- BRIEF:
This task asks for the lines from the one with "第一时间邀请全国马工程首席专" to the final line below, repeated exactly, with pictures omitted.

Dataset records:
━━━━

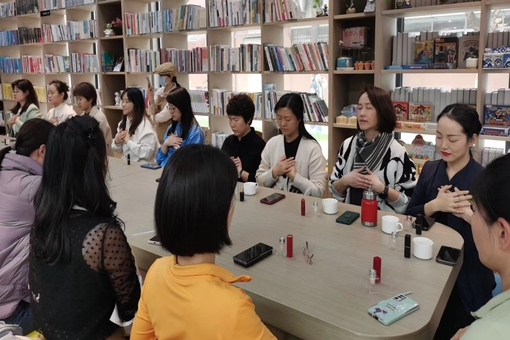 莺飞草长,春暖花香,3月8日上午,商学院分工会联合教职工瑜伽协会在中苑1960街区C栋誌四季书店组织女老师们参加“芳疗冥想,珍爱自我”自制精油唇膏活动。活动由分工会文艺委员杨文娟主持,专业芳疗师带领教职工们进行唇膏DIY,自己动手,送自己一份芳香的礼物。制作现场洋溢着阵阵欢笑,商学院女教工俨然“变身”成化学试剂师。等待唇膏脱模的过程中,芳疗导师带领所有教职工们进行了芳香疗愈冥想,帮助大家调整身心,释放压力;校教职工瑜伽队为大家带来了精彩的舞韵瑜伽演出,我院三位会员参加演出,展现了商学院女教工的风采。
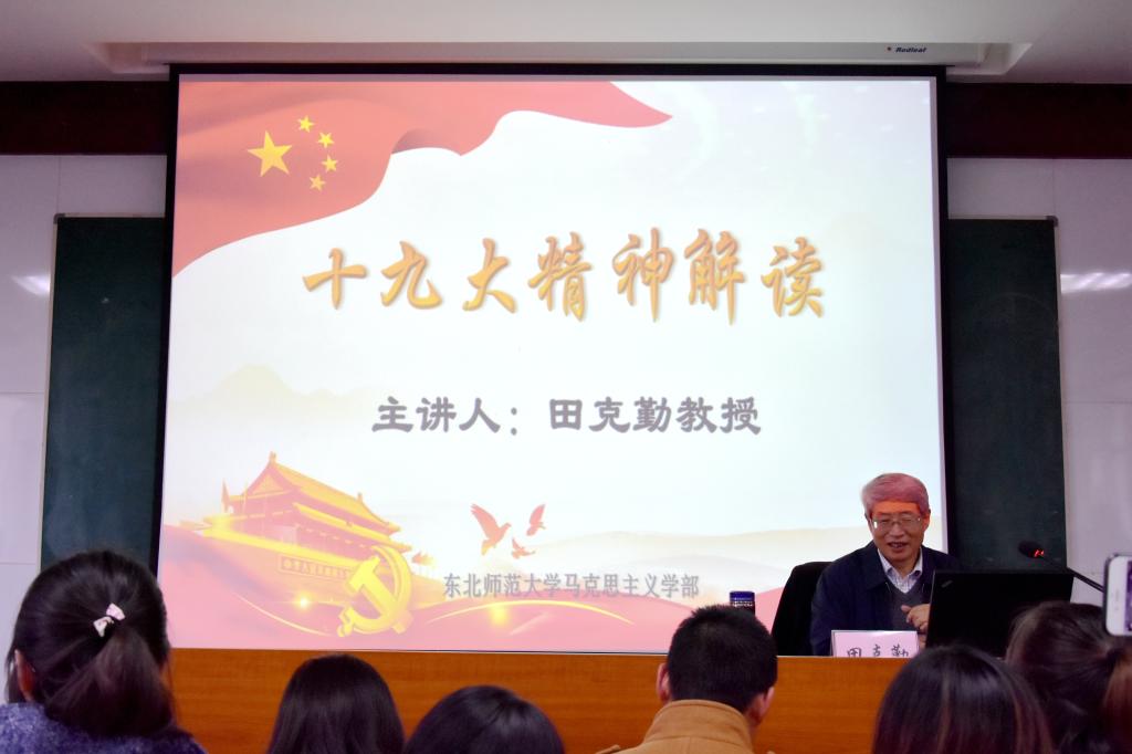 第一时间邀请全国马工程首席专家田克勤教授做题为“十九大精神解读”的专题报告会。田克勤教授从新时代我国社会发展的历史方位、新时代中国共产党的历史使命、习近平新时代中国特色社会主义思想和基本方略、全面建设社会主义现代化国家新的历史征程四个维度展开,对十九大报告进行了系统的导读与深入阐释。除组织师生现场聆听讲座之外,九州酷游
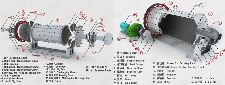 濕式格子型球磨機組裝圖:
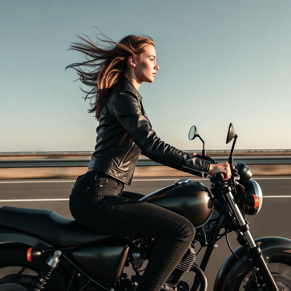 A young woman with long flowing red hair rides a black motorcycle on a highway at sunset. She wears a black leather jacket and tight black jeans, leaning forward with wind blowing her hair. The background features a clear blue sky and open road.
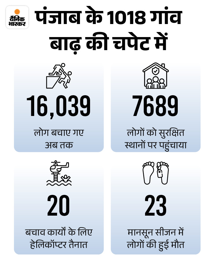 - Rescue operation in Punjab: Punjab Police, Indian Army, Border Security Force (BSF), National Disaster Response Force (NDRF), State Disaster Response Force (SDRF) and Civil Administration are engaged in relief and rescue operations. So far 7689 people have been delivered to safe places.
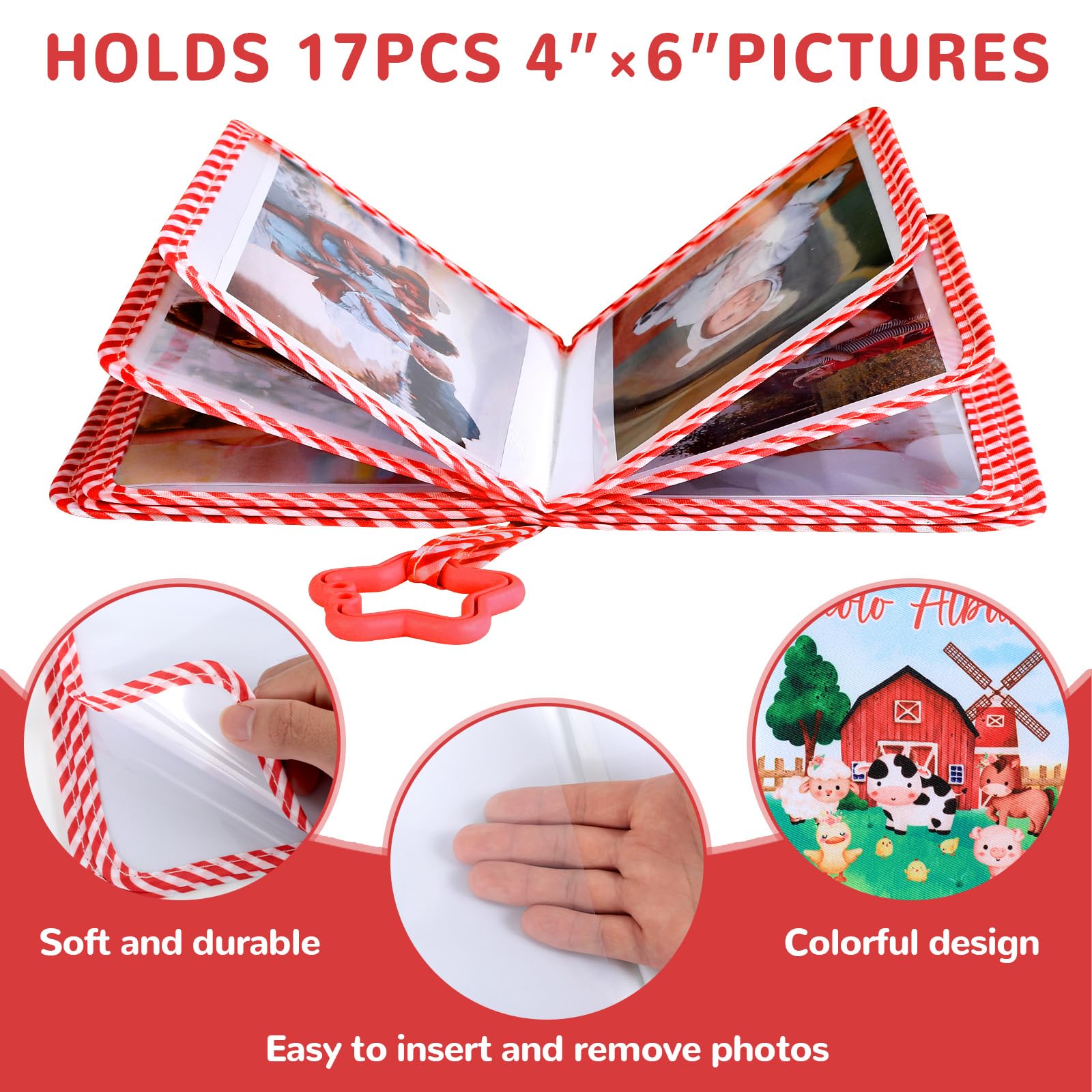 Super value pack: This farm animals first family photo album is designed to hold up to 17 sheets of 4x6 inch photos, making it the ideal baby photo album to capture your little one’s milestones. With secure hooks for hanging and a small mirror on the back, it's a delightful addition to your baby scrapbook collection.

━━━━

- ANSWER TO THE EXERCISE:
 第一时间邀请全国马工程首席专家田克勤教授做题为“十九大精神解读”的专题报告会。田克勤教授从新时代我国社会发展的历史方位、新时代中国共产党的历史使命、习近平新时代中国特色社会主义思想和基本方略、全面建设社会主义现代化国家新的历史征程四个维度展开,对十九大报告进行了系统的导读与深入阐释。除组织师生现场聆听讲座之外,九州酷游
 濕式格子型球磨機組裝圖:
 A young woman with long flowing red hair rides a black motorcycle on a highway at sunset. She wears a black leather jacket and tight black jeans, leaning forward with wind blowing her hair. The background features a clear blue sky and open road.
 - Rescue operation in Punjab: Punjab Police, Indian Army, Border Security Force (BSF), National Disaster Response Force (NDRF), State Disaster Response Force (SDRF) and Civil Administration are engaged in relief and rescue operations. So far 7689 people have been delivered to safe places.
 Super value pack: This farm animals first family photo album is designed to hold up to 17 sheets of 4x6 inch photos, making it the ideal baby photo album to capture your little one’s milestones. With secure hooks for hanging and a small mirror on the back, it's a delightful addition to your baby scrapbook collection.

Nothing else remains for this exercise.